(Work required)
Copy out the lines of the records below, and only those lines, from the one with "Портрет молодого бизнесмена" through the one with "本次竞赛试题以党章和时事政治", exactly as they appear.
==== Material supplied ====
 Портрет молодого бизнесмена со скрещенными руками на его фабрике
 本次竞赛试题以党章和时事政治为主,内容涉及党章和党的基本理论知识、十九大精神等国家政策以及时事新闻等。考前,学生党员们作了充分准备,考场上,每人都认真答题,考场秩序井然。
====
==== Material supplied ====
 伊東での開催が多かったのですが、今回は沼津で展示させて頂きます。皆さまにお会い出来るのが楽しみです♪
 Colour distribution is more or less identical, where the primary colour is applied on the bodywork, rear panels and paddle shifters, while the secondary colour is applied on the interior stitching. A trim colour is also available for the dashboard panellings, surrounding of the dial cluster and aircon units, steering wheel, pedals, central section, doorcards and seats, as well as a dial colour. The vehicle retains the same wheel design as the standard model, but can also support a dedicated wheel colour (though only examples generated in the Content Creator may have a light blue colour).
====
(Answer below)
 Портрет молодого бизнесмена со скрещенными руками на его фабрике
 本次竞赛试题以党章和时事政治为主,内容涉及党章和党的基本理论知识、十九大精神等国家政策以及时事新闻等。考前,学生党员们作了充分准备,考场上,每人都认真答题,考场秩序井然。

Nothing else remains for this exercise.